Data excerpt =
^^^^^^^^^^^^^^^^

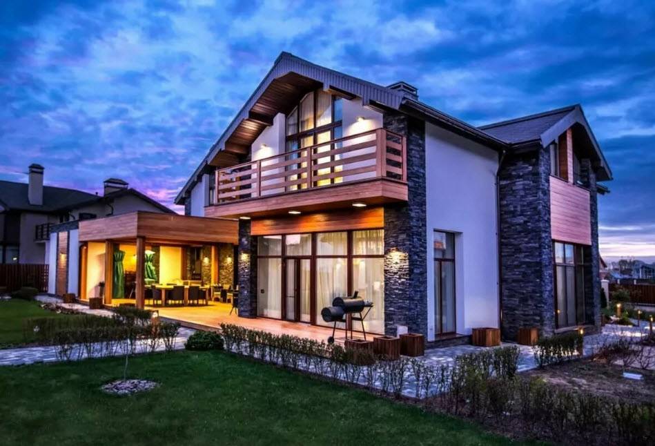 Такие дома стали очень популярными в последние годы. Верхний этаж двухэтажной дачи имеет вид мансарды. Первый этаж предназначен для расположения самых разных помещений:
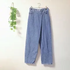 ダメージ加工が施されたダークブルーのLOWRYS FARMデニムパンツ。
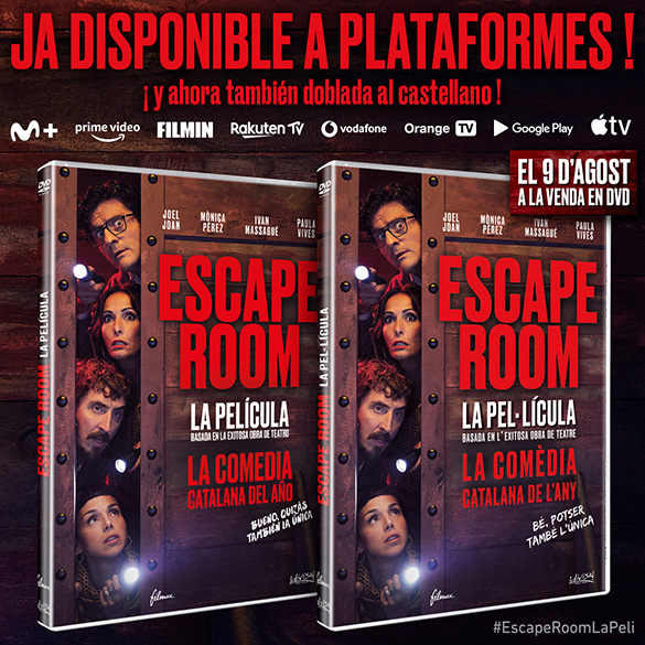 “ESCAPE ROOM: LA PELÍCULA” ya está disponible en plataformas online y saldrá a la venta el próximo 9 de agosto en DVD, tanto en la edición original en catalán como en la versión doblada al castellano. Después de cuatro temporadas de éxito en el teatro, con más de 200.000 espectadores, la comedia escrita por Joel Joan y Hèctor Claramunt saltó recientemente a la gran pantalla con Joel Joan (El nom), Paula Vives (Nit i dia), Ivan Massagué (El hoyo, Benvinguts a la família) y Mònica Pérez (Polònia) como protagonistas del filme.

^^^^^^^^^^^^^^^^

Problem statement = When you return the listing, keep it exact and omit any pictures it holds.

Answer section =
 Такие дома стали очень популярными в последние годы. Верхний этаж двухэтажной дачи имеет вид мансарды. Первый этаж предназначен для расположения самых разных помещений:
 ダメージ加工が施されたダークブルーのLOWRYS FARMデニムパンツ。
 “ESCAPE ROOM: LA PELÍCULA” ya está disponible en plataformas online y saldrá a la venta el próximo 9 de agosto en DVD, tanto en la edición original en catalán como en la versión doblada al castellano. Después de cuatro temporadas de éxito en el teatro, con más de 200.000 espectadores, la comedia escrita por Joel Joan y Hèctor Claramunt saltó recientemente a la gran pantalla con Joel Joan (El nom), Paula Vives (Nit i dia), Ivan Massagué (El hoyo, Benvinguts a la família) y Mònica Pérez (Polònia) como protagonistas del filme.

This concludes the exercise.